> _INFORMATION PROVIDED_:
______________________________
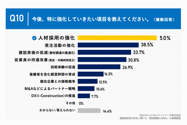 「Q10.今後、特に強化していきたい項目を教えてください。(複数回答)」(n=104)と質問したところ、「人材採用の強化」が50.0%、「受注活動の強化」が38.5%、「建設原価の低減(資材調達の最適化)」が33.7%という回答となりました。「M&Aなどによるパートナー戦略」は10.6%となりました。
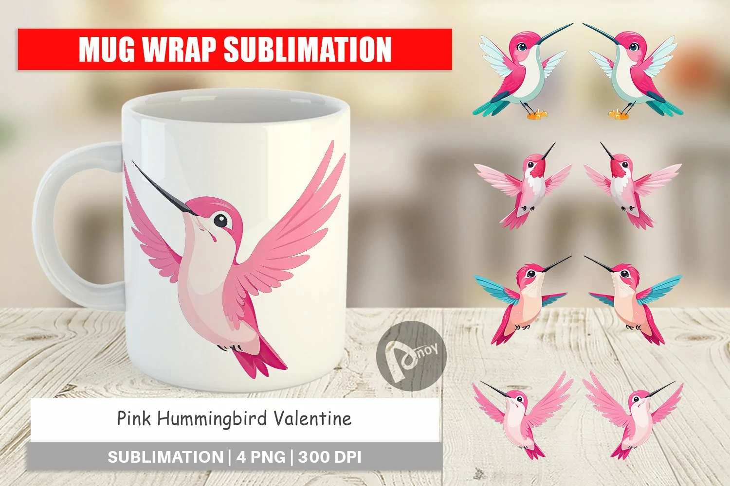 Mug Wrap Design Pink Hummingbird Valentine example image 1
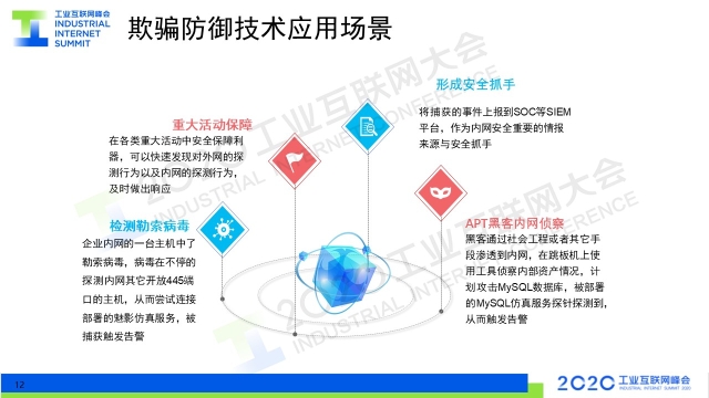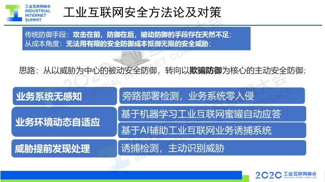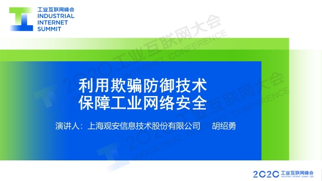 8月30日下午,在2020工業(yè)互聯(lián)網(wǎng)大會(huì)“工業(yè)互聯(lián)網(wǎng)安全”主題論壇上,上海觀安信息技術(shù)股份有限公司副總裁胡紹勇以《利用欺騙防御技術(shù) 保障工業(yè)網(wǎng)絡(luò)安全》為題作演講,分享了以欺騙防御技術(shù)為核心的主動(dòng)安全防御理念。
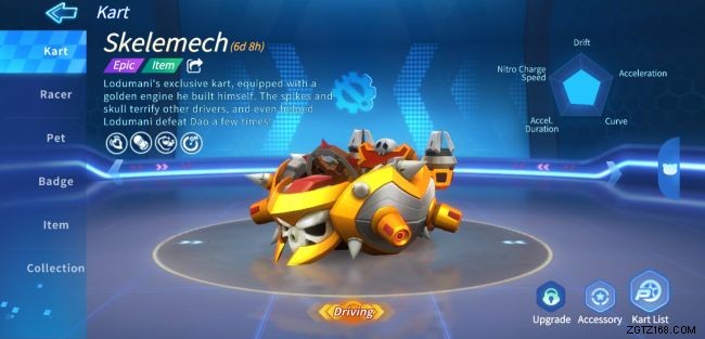 各カートはユニークで、上記のような多かれ少なかれボーナスに加えて、加速、カーブ、ドリフト、ニトロ速度、加速持続時間のカテゴリの基本統計があります.
______________________________
> _WORK INSTRUCTION_: Retype the data in full. Images do not go in the copy.

> _SOLVED PROBLEM_:
 「Q10.今後、特に強化していきたい項目を教えてください。(複数回答)」(n=104)と質問したところ、「人材採用の強化」が50.0%、「受注活動の強化」が38.5%、「建設原価の低減(資材調達の最適化)」が33.7%という回答となりました。「M&Aなどによるパートナー戦略」は10.6%となりました。
 Mug Wrap Design Pink Hummingbird Valentine example image 1
 8月30日下午,在2020工業(yè)互聯(lián)網(wǎng)大會(huì)“工業(yè)互聯(lián)網(wǎng)安全”主題論壇上,上海觀安信息技術(shù)股份有限公司副總裁胡紹勇以《利用欺騙防御技術(shù) 保障工業(yè)網(wǎng)絡(luò)安全》為題作演講,分享了以欺騙防御技術(shù)為核心的主動(dòng)安全防御理念。
 各カートはユニークで、上記のような多かれ少なかれボーナスに加えて、加速、カーブ、ドリフト、ニトロ速度、加速持続時間のカテゴリの基本統計があります.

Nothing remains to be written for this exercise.